Here is what happens when 50 concurrent requests arrive for the same SKU,
all missing the cache:

0. **CircuitBreaker** -- The breaker checks its state. If `:open`, all 50
   callers immediately receive `{:error, :service_degraded}` with zero
   downstream load. If `:closed` or `:half_open`, the call proceeds.
1. **SingleFlight** -- All 50 callers call `flight/3` with key
   `"inventory:sku-123"`. Only the first caller executes the function. The
   other 49 block, waiting for the result.
2. **WeightedSemaphore** -- The single executing caller acquires weight 2 from
   the semaphore. If the semaphore is already at capacity from other SKU
   fetches, this caller blocks in FIFO order.
3. **BackoffRetry** -- The caller enters the retry loop. Attempt 1 begins.
4. **Hedged** -- The primary request fires. If it is slower than p95 (tracked
   adaptively), a backup fires after the adaptive delay.
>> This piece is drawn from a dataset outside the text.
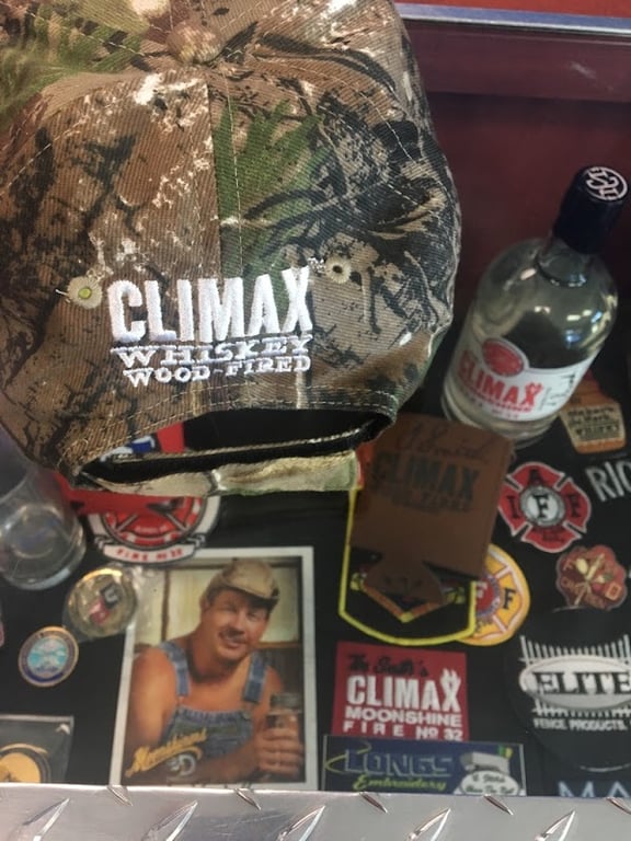The image features a camouflage cap with "CLIMAX WHISKEY WOOD-FIRED" embroidered on it, surrounded by various patches and memorabilia.
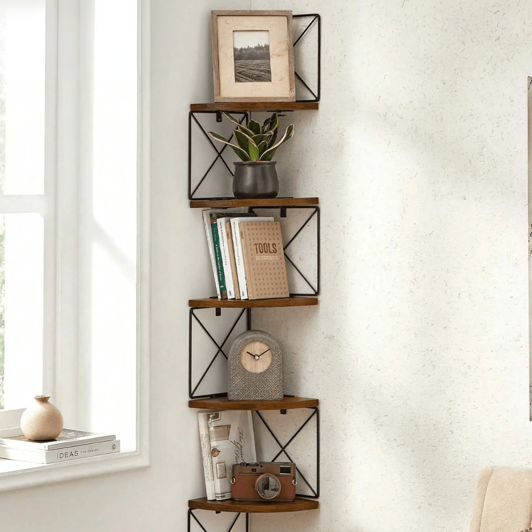 Mensola Angolare Materiale Legno Metallo Decorazione Parete Resistente Mensola Porta Oggetti

Whichever responds
   first wins.
5. If the hedged call returns `{:error, :service_unavailable}`, BackoffRetry
   checks `retry_if`, sleeps with exponential backoff, and loops to step 4.
6. On success, the result propagates back up: the circuit breaker records a
   success, the semaphore releases its permits, SingleFlight broadcasts the
   result to all 49 waiting callers, and the cache is populated.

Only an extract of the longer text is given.